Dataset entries
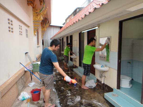 ทำความสะอาดห้องน้ำ น้องๆจากมหาไถ่ ผมขอยอมรับน้องๆผู้พิการ ถึงจะพิการทางรางกาย แต่จิตอาสาน้องๆเต้มเปรี่ยม ขอชื่นชมครับผม |
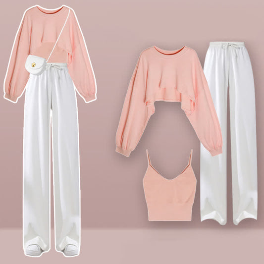 Sweet Tank Top Sweatshirt Casual Pants Set
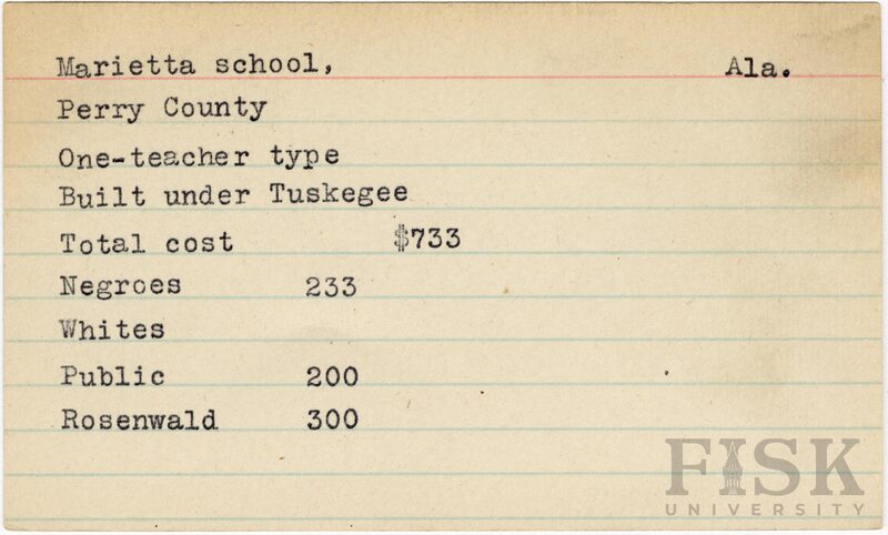 - School card from Rosenwald Fund for Marietta School in Perry County, Alabama
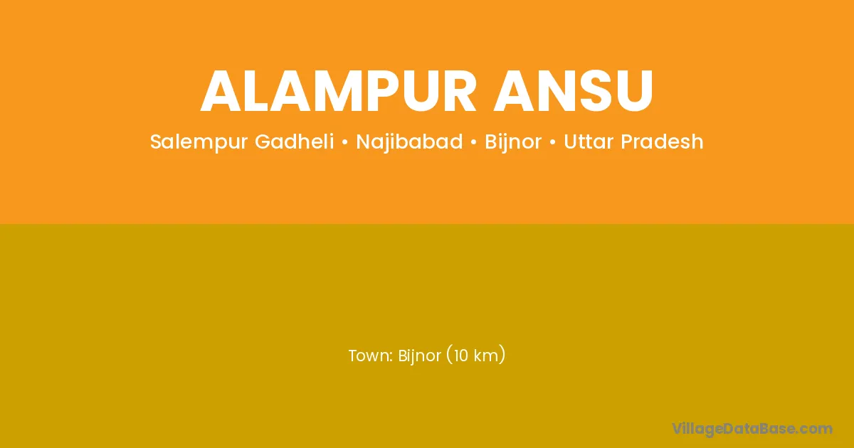 Bijnor (10 km) is the nearest town to Alampur Ansu village for major economic activities and is located approximately 10 km away.
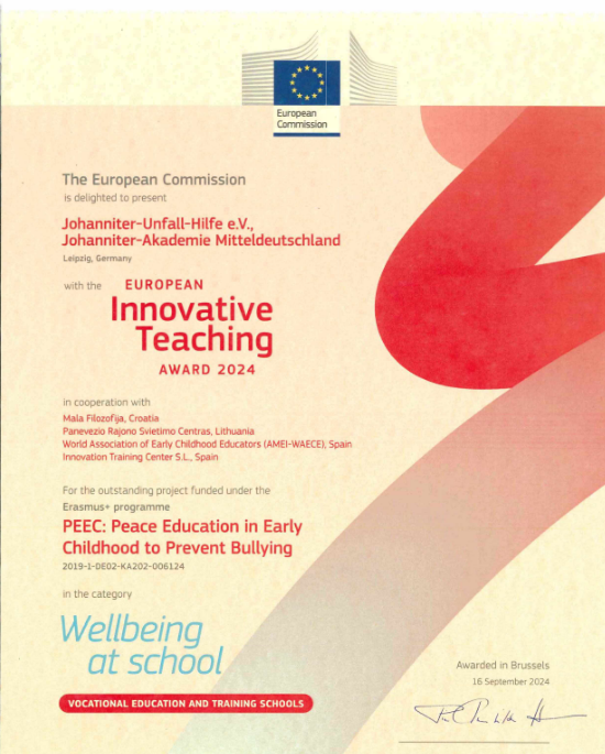 Increíble hito en la trayectoria de Innovation Training Center Nos complace anunciaros que el proyecto PEEC, en el que ITC ha sido socio en España, ha sido reconocido por la Comisión Europea como uno de los 96 proyectos galardonados con el Premio Europeo a la Enseñanza Innovadora (EITA) 2024. Hemos sido premiados en la categoría de formación profesional y propuestos por la agencia nacional alemana, junto con otros 20 proyectos europeos de diferentes países. El certificado con los nombres de los socios hace oficial el premio, que fue entregado el 18 de septiembre durante la conferencia anual de la agencia nacional responsable de la educación profesional en Alemania. Estamos muy orgullosos de este resultado y honrados de haber recibido este increíble premio. Enlaces a publicaciones en alemán y en la web de la Comisión: Agencia nacional alemana – BIBB Enlace EU: Premio Europeo a la Enseñanza Innovadora
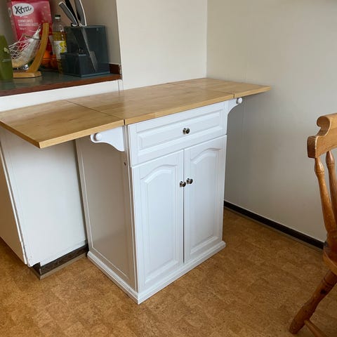 Vit underdel och svart marmorerad skiva.
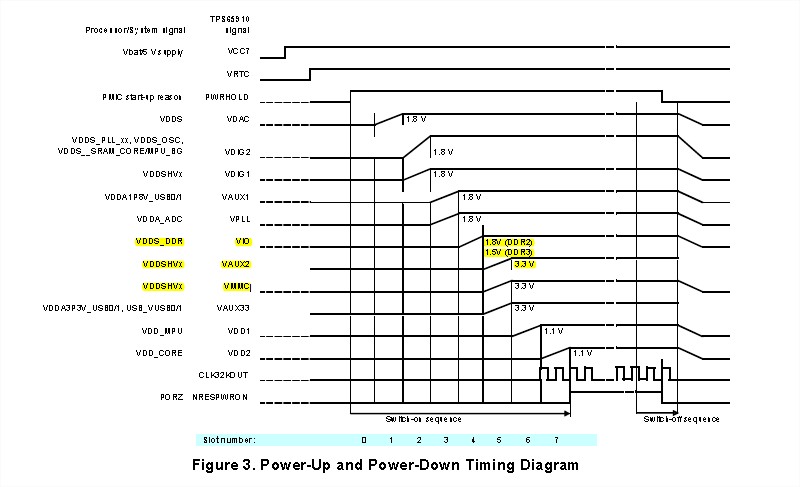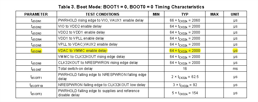 • TPS65910A31所采用的是BOOT方式是EEPROM Sequence,正常上电中:VDIG2的默认设置是Default OFF 1.8 V,其供电VDDS_PLL_xx,VDDS_OSC,VDDS_SRAM_CORE_BG,VDDS_SRAM_MPU_BB 。VDIG2有上电时序要求,既然是Default OFF,那就要系统起来后再进行配置输出,而上电时序中,系统并未起来,这是不是有矛盾之处还是我理解错误?
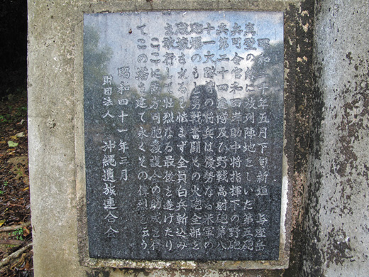「昭和20年5月下旬新垣・与座岳・真壁の線に放列陣地を敷いた第五砲兵団司令官和田孝助中将指揮下の野砲兵第24連隊及び野戦高射砲第81大隊の将兵は優勢なる米軍の砲爆のもと勇戦奮闘その火砲を全部破壊されるも怯まず全員白兵斬り込みを敢行して壮烈なる最期を遂げたり。 ここに南方同胞援護会の助成を得てこの塔を建て永くその偉烈を伝う」
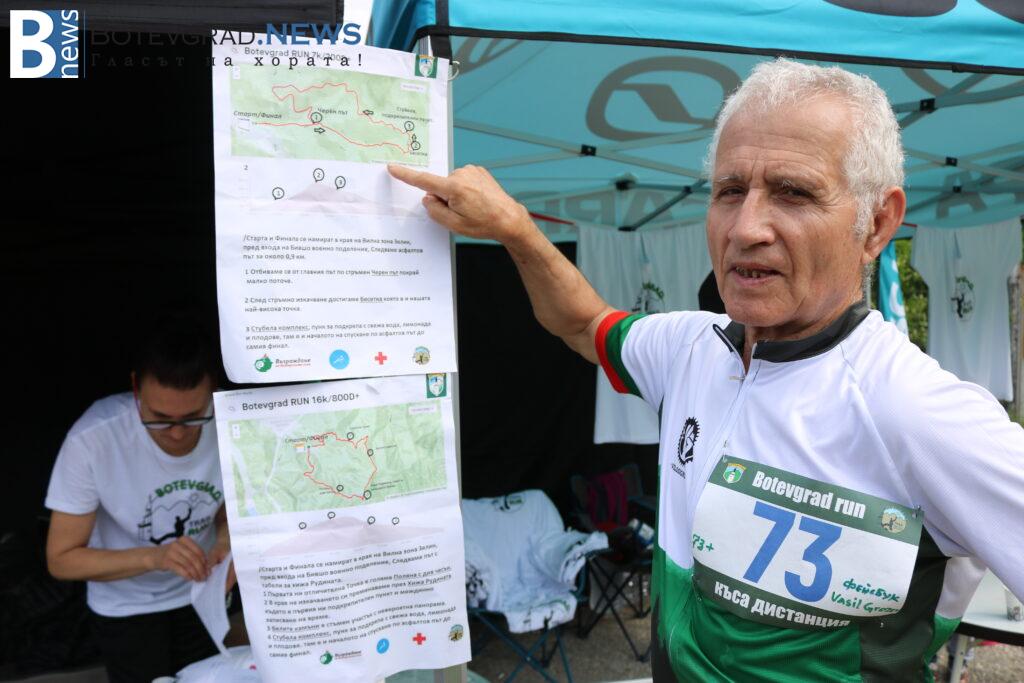„Ботевград е много красив град. Аз лично се влюбих в него. Много ми хареса, особено вилната зона“, това сподели пред репортер на Botevgrad.NEWS Антон Стойчев, минути преди да даде старт на състезанието. Според него бягането помага на човешкия организъм, като развива и укрепва сърцето. “Като остарее човек няма да има никакви проблеми“.
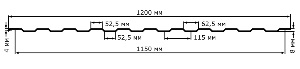 У стенового профлиста С8 вид волны только трапециевидной формы.
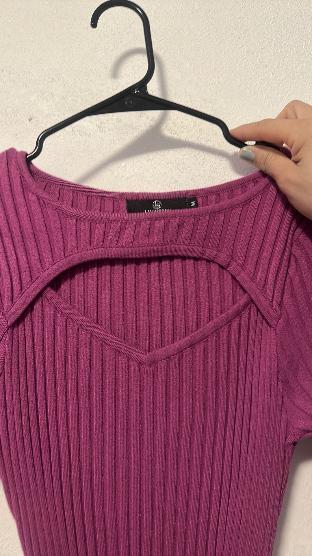 Stretchy-dress V neck fuchia long sleeve
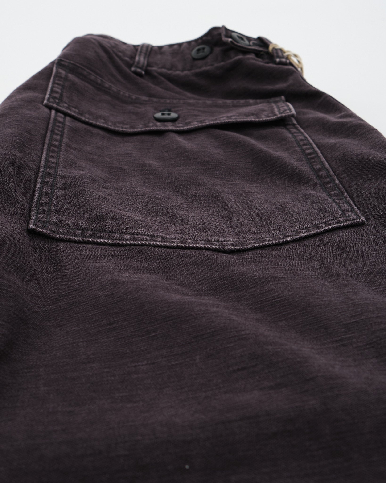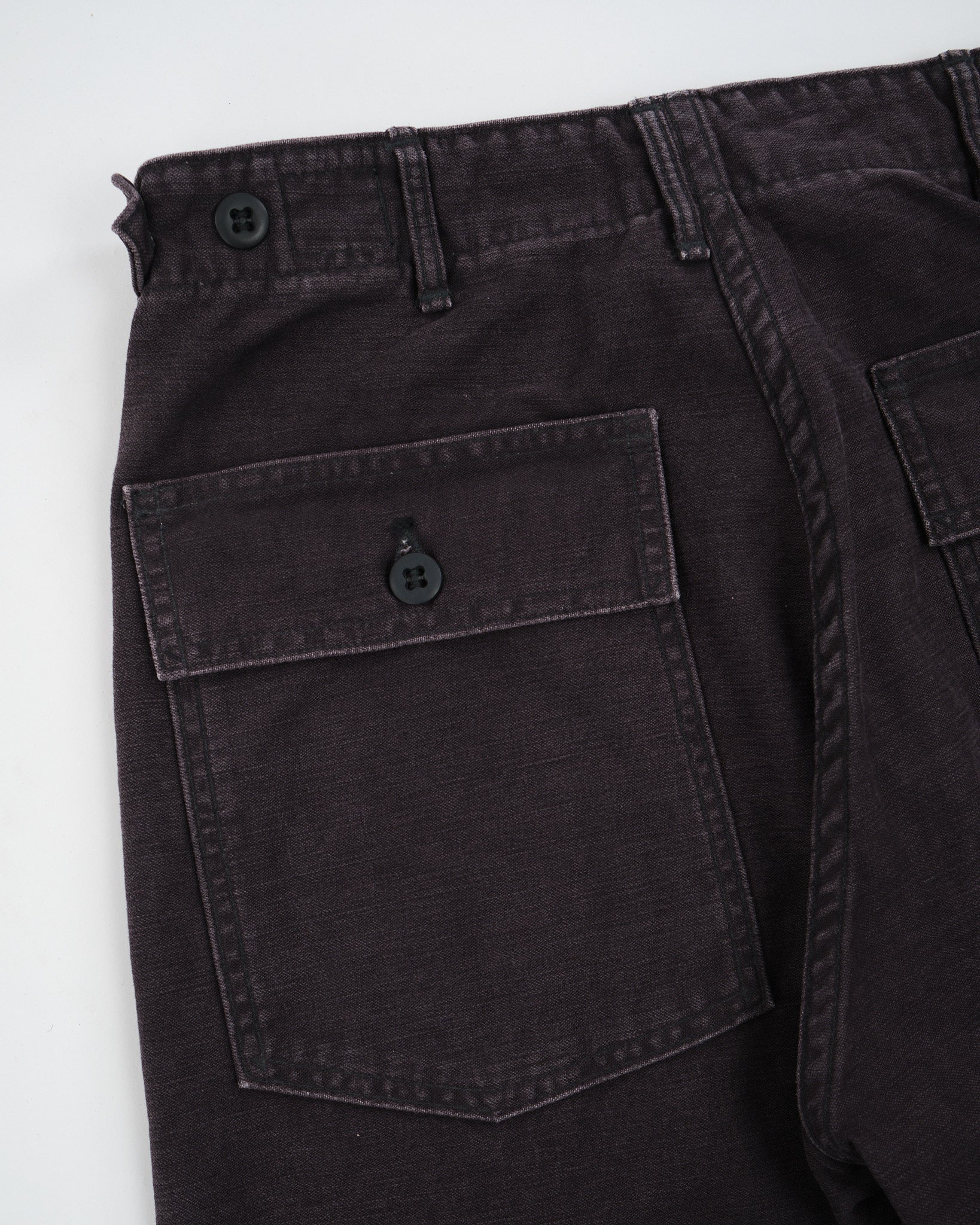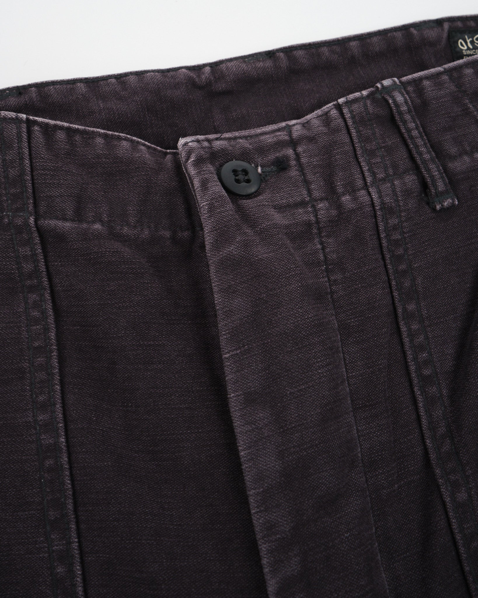 De orSlow US Army Fatigue Pants Regular Fit in Black Stone zijn een hedendaagse hommage aan klassieke militaire werkkleding, die duurzaamheid combineert met tijdloze stijl. Vervaardigd uit 100% katoen reverse sateen stof, bieden deze broeken een unieke textuur en robuuste constructie. De reguliere pasvorm zorgt voor comfort en gemak van beweging, terwijl de verstelbare taille tabs een aanpasbare pasvorm mogelijk maken. Met twee diepe zijpatch zakken en achterzakken met flap sluiting, bieden ze praktische opbergoplossingen. De steengewassen zwarte kleur voegt een vintage aantrekkingskracht toe, waardoor ze veelzijdig zijn voor verschillende outfits. Gemaakt in Japan, weerspiegelen deze broeken orSlow's toewijding aan kwaliteitsvakmanschap.
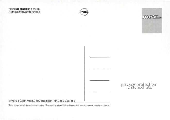 74050810 BIBERACH Riss BW Rathaus mit Marktbrunnen postalisch nicht gelaufen Erhaltung siehe scans [WerneD78] KatCode: 11110008426021
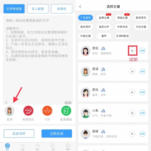 2.或直接选择配音模版文案,并试听样音,选择合适的主播

▸ TASK OBJECTIVE: Start with the first line of the records above and end with the line containing "- School card". Output those lines exactly, pictures excluded.

▸ OUTPUT OF THE EXERCISE:
 ทำความสะอาดห้องน้ำ น้องๆจากมหาไถ่ ผมขอยอมรับน้องๆผู้พิการ ถึงจะพิการทางรางกาย แต่จิตอาสาน้องๆเต้มเปรี่ยม ขอชื่นชมครับผม |
 Sweet Tank Top Sweatshirt Casual Pants Set
 - School card from Rosenwald Fund for Marietta School in Perry County, Alabama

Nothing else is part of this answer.